Windrush generation to get UK citizenship papers free
Ms Rudd told the House of Commons fees for any children of the Windrush generation who need to apply for naturalisation and charges associated with returning to the UK for people who have retired to their countries of origin after making their lives here would also be waived.
The Home Secretary admitted that steps introduced since the 1980s have had an “unintended and sometimes devastating” impact on people from the Windrush generation who are here legally but have struggled to get documentation to prove their status.
Ms Rudd said Home Office official were manually trawling through more than 8,000 records dating back to 2002 to establish whether any Windrush-era immigrants to the UK had been wrongly deported.
At the halfway point in the search, none had been identified, but the Home Secretary said the information would also be independently audited.
A consultation will be launched to seek views on how the government should compensation those affected by the controversy.
The Home Secretary told MPs: “The state has let these people down”, but Shadow home secretary Diane Abbott personally blamed Ms Rudd, telling her that “she allowed it to happen”.
Ms Abbott branded the incident “one of the biggest scandals in the administration of home affairs”.

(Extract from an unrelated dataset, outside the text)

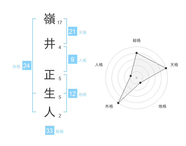 嶺井 正生人さんの天格は21画の5点!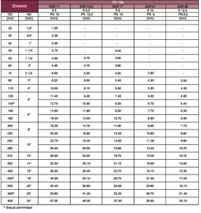 Diproduksi dengan ukuran diameter luar mulai dari 20 mm hingga 630 mm.

She said: “These cases can’t come as surprise to her because for some time many of my colleagues on this side of the House have been pursuing individual cases.

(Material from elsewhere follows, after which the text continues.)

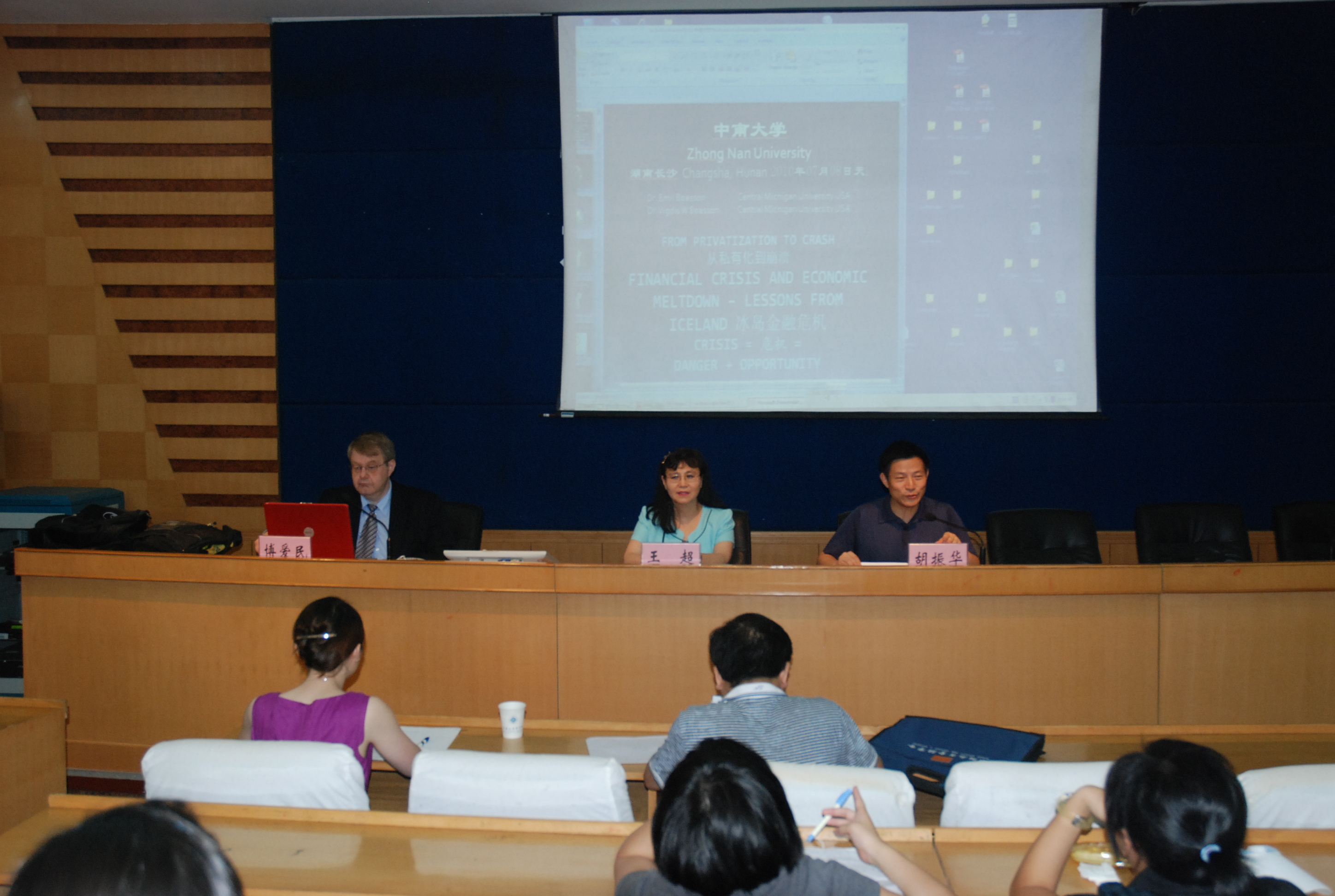 2010年7月8日下午三点,美国中密歇根大学商业信息系教授Emil Boasson(博爱民) 博士携夫人美国中密歇根大学金融与法律系王超博士做客XK星空体育,为星空XKXK星空体育的200余名师生们带来了一场名为《国际金融危机:冰岛的教训(Global financial crisis:the lessons from Iceland)》的精彩演讲。一同出席的嘉宾有来自湖南省对外友好协会的庞力平会长和蔡国祺秘书长。演讲由XK星空体育党委书记胡振华教授主持。

“She is behaving as if it is a shock to her that officials are implementing regulations in the way she intended them to be implemented.”
Ms Abbott drew cheers from the Labour benches after telling Ms Rudd “ultimately the buck stops with her”.

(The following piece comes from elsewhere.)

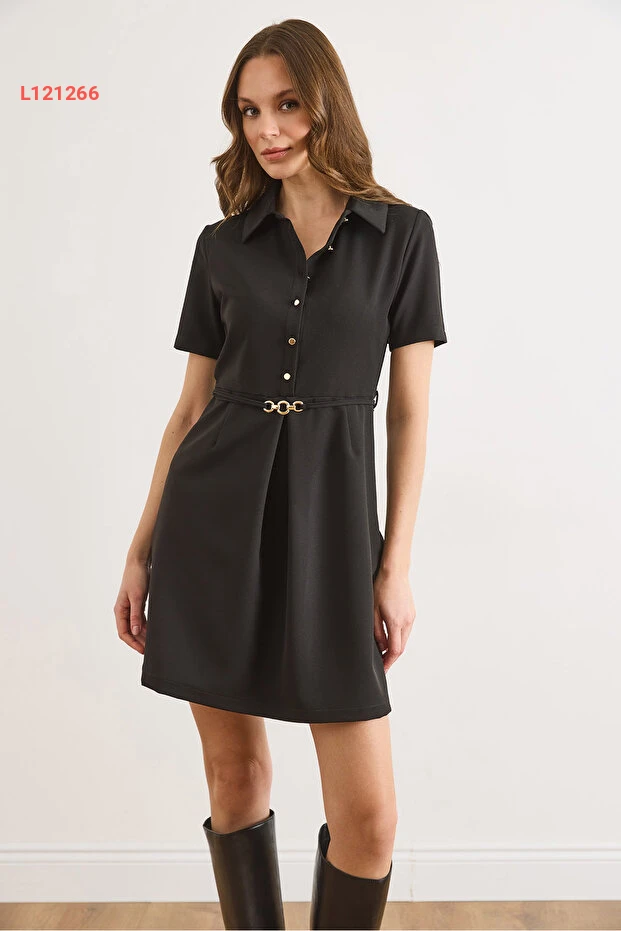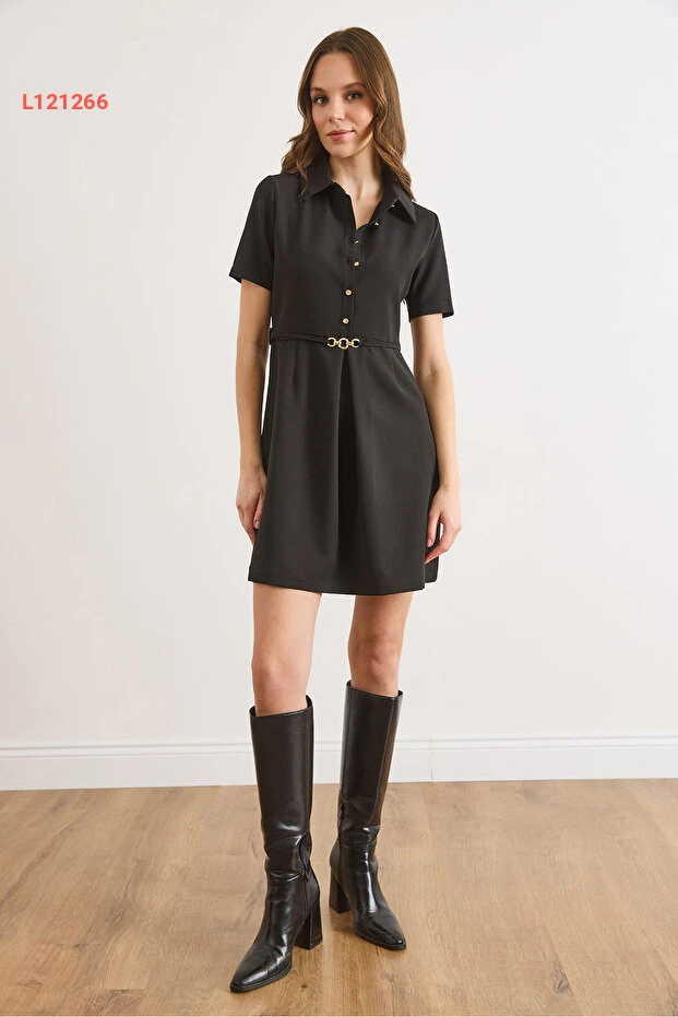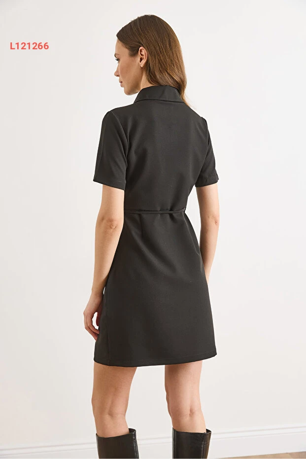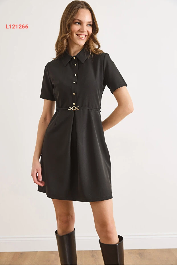 استمتعي بالأناقة العصرية مع فستان أولالووك الأسود المذهل، حيث يتميز بتصميمه الأنيق بخصر مزود بحزام ودائرة نصفية مثالية. هذا الفستان القصير يوفر لكِ راحة تامة وأناقة لا تضاهى، مما يجعله الخيار المثالي لأي مناسبة. ارتدي هذا الفستان وكوني محط الأنظار بإطلالة فريدة وجذابة!

The SNP home affairs spokeswoman Joanna Cherry MP said the scandal had been caused by the government’s “ludicrous immigration target” and claimed Ms Rudd was being used as a “human shield” to protect Theresa May, the Home Secretary at the time that many of the toughest immigration restrictions were introduced.
Earlier, during debate in the House of Lords, former children’s television presenter Floella Benjamin branded the Windrush scandal “a matter of national shame”.